Exactly and only the lines from the one with "H5: Diduga tidak" through the last line of the records need to be set down; please skip the pictures.

● ● ● ● ●

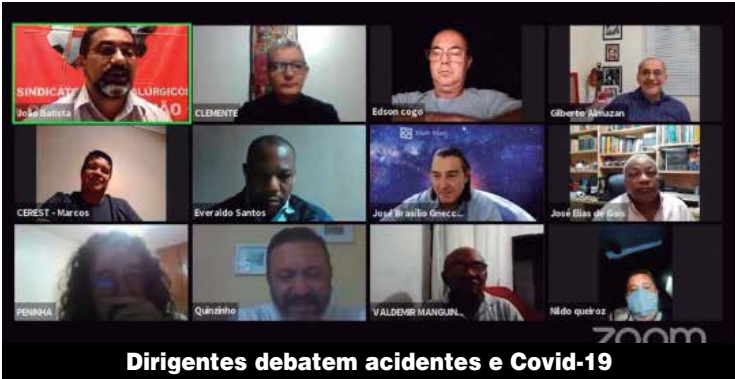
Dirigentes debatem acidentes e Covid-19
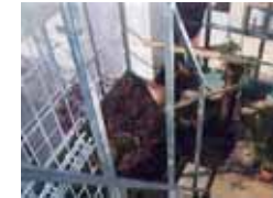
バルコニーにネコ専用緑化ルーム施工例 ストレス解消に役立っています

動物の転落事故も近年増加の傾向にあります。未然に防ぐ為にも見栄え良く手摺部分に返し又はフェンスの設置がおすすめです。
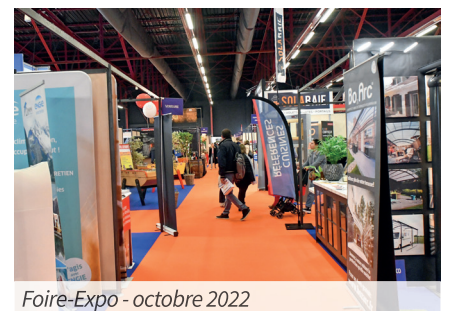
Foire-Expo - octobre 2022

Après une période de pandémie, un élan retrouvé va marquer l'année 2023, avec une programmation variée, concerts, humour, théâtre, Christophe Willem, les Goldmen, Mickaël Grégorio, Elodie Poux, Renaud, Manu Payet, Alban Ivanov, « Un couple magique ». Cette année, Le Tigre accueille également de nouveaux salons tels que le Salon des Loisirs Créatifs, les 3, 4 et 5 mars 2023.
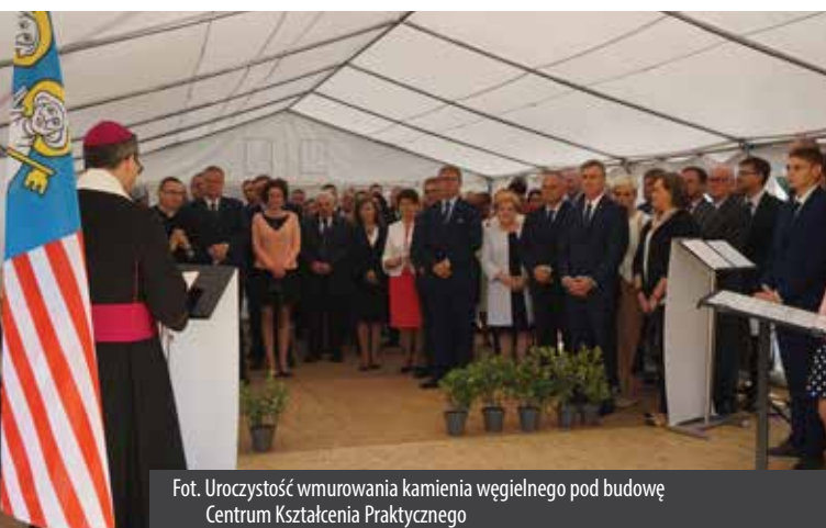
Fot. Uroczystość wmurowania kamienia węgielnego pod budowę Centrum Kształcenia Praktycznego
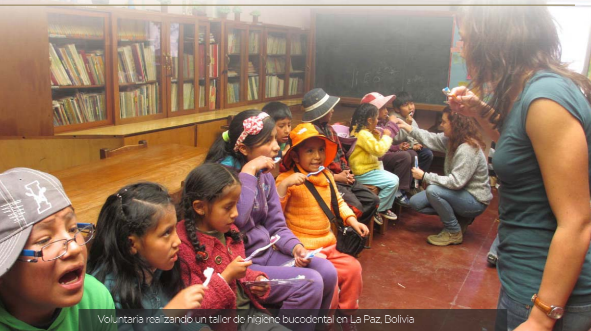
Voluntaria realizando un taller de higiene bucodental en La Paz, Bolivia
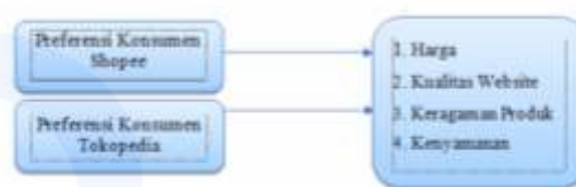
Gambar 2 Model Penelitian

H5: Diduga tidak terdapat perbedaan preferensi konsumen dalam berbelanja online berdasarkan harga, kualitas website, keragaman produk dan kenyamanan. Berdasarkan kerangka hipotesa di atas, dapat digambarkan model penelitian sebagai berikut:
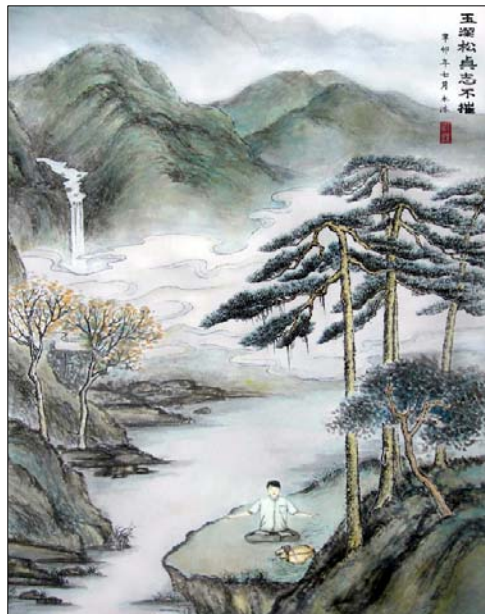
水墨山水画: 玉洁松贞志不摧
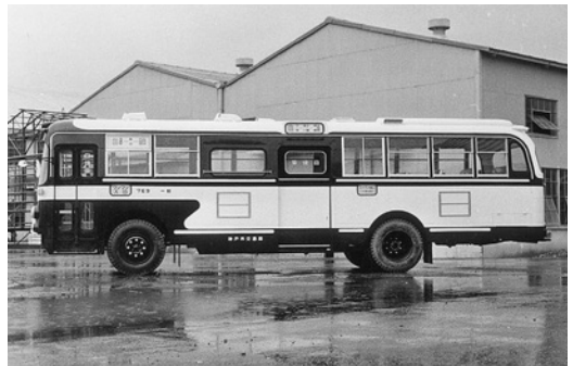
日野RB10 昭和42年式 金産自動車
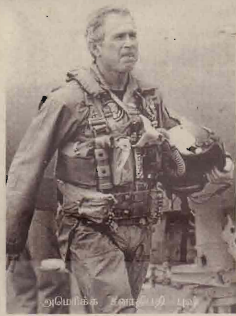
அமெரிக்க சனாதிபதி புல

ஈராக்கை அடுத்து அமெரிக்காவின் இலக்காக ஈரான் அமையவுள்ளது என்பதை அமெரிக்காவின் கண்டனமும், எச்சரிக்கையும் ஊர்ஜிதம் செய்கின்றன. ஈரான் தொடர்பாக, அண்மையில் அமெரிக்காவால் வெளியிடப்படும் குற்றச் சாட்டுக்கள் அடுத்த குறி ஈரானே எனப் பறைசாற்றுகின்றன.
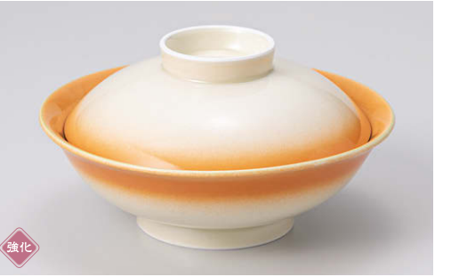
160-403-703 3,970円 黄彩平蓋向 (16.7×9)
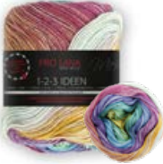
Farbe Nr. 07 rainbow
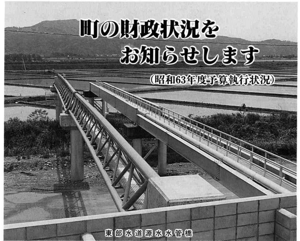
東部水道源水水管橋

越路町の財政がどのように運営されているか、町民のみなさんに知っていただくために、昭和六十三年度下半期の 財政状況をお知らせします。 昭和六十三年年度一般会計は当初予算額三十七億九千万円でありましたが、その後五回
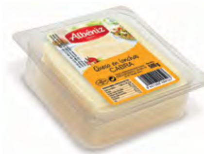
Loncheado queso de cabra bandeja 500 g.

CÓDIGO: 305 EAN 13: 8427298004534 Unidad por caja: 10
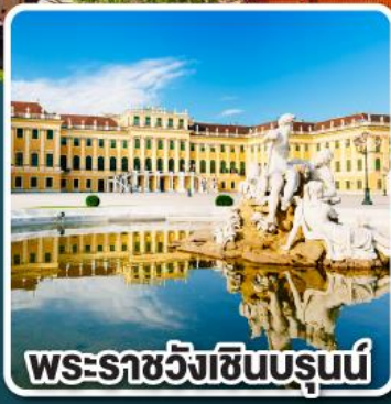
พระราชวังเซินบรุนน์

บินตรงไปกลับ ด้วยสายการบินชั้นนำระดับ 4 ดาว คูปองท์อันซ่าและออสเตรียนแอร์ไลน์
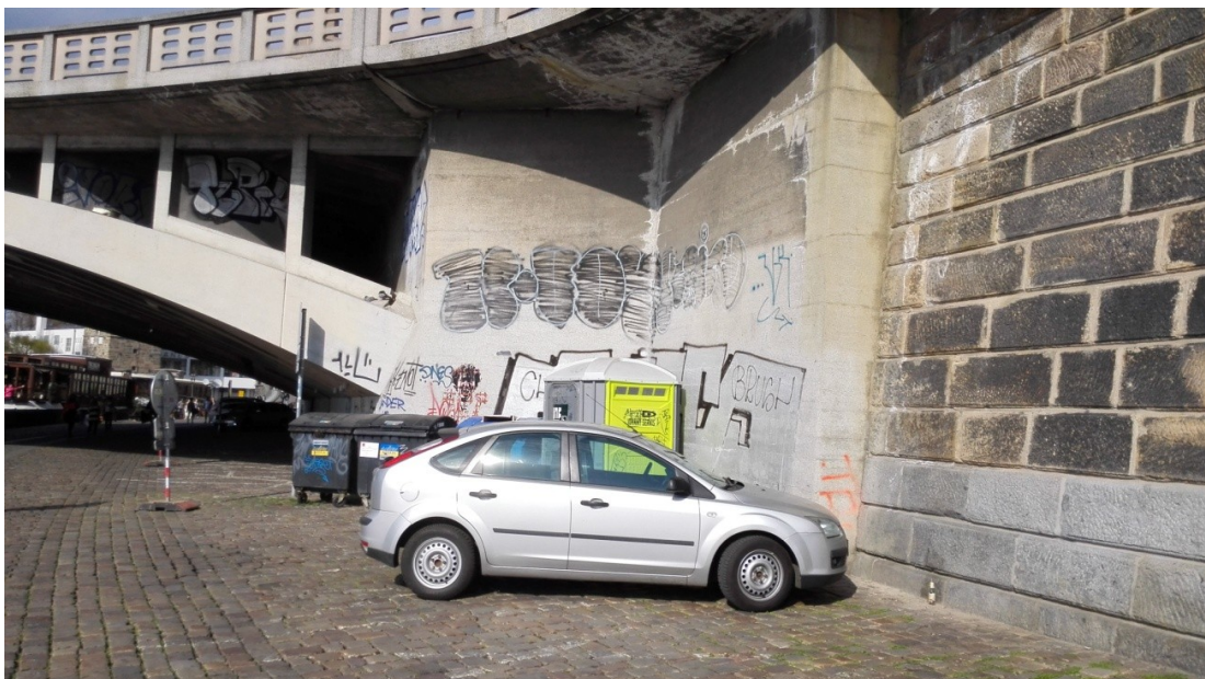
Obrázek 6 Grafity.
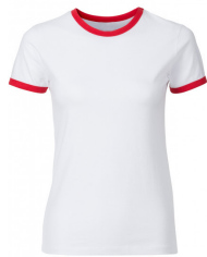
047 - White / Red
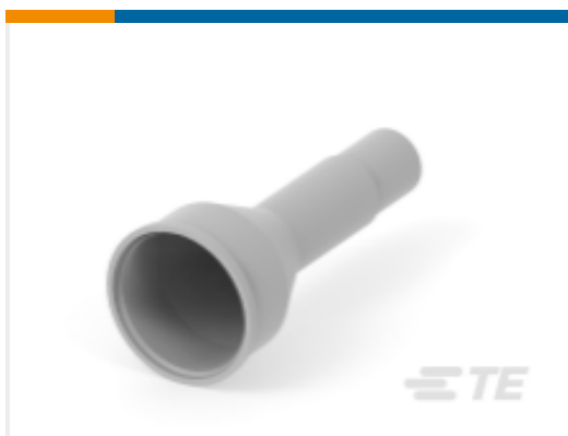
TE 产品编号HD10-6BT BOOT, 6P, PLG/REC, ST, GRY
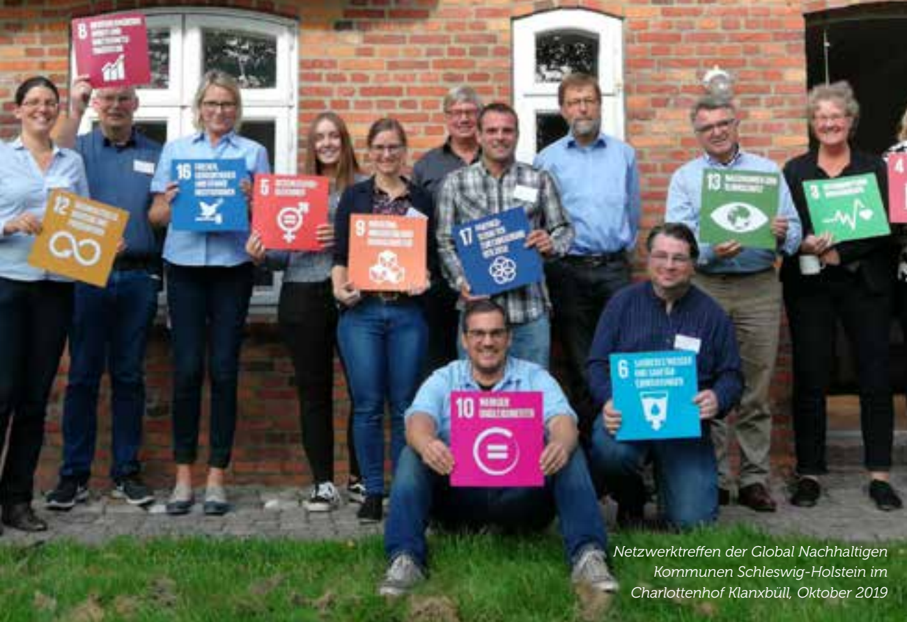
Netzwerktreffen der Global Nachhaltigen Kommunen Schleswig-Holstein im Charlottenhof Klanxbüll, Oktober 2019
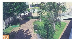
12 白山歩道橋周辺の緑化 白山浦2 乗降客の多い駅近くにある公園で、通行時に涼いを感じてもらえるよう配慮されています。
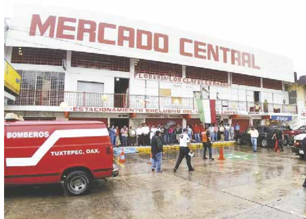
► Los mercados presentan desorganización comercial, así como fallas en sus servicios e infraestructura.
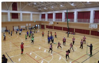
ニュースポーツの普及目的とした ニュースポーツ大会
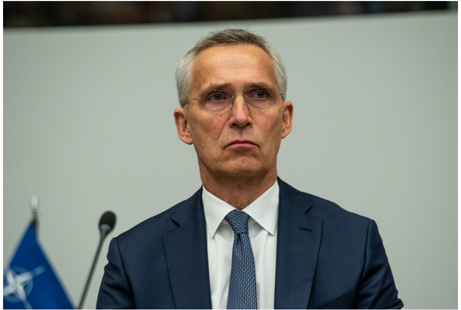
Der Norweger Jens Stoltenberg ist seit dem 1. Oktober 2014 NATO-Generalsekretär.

● ● ● ● ●

→ **RESULT FOR THIS TASK**:
H5: Diduga tidak terdapat perbedaan preferensi konsumen dalam berbelanja online berdasarkan harga, kualitas website, keragaman produk dan kenyamanan. Berdasarkan kerangka hipotesa di atas, dapat digambarkan model penelitian sebagai berikut:
水墨山水画: 玉洁松贞志不摧
日野RB10 昭和42年式 金産自動車
அமெரிக்க சனாதிபதி புல

ஈராக்கை அடுத்து அமெரிக்காவின் இலக்காக ஈரான் அமையவுள்ளது என்பதை அமெரிக்காவின் கண்டனமும், எச்சரிக்கையும் ஊர்ஜிதம் செய்கின்றன. ஈரான் தொடர்பாக, அண்மையில் அமெரிக்காவால் வெளியிடப்படும் குற்றச் சாட்டுக்கள் அடுத்த குறி ஈரானே எனப் பறைசாற்றுகின்றன.
160-403-703 3,970円 黄彩平蓋向 (16.7×9)
Farbe Nr. 07 rainbow
東部水道源水水管橋

越路町の財政がどのように運営されているか、町民のみなさんに知っていただくために、昭和六十三年度下半期の 財政状況をお知らせします。 昭和六十三年年度一般会計は当初予算額三十七億九千万円でありましたが、その後五回
Loncheado queso de cabra bandeja 500 g.

CÓDIGO: 305 EAN 13: 8427298004534 Unidad por caja: 10
พระราชวังเซินบรุนน์

บินตรงไปกลับ ด้วยสายการบินชั้นนำระดับ 4 ดาว คูปองท์อันซ่าและออสเตรียนแอร์ไลน์
Obrázek 6 Grafity.
047 - White / Red
TE 产品编号HD10-6BT BOOT, 6P, PLG/REC, ST, GRY
Netzwerktreffen der Global Nachhaltigen Kommunen Schleswig-Holstein im Charlottenhof Klanxbüll, Oktober 2019
12 白山歩道橋周辺の緑化 白山浦2 乗降客の多い駅近くにある公園で、通行時に涼いを感じてもらえるよう配慮されています。
► Los mercados presentan desorganización comercial, así como fallas en sus servicios e infraestructura.
ニュースポーツの普及目的とした ニュースポーツ大会
Der Norweger Jens Stoltenberg ist seit dem 1. Oktober 2014 NATO-Generalsekretär.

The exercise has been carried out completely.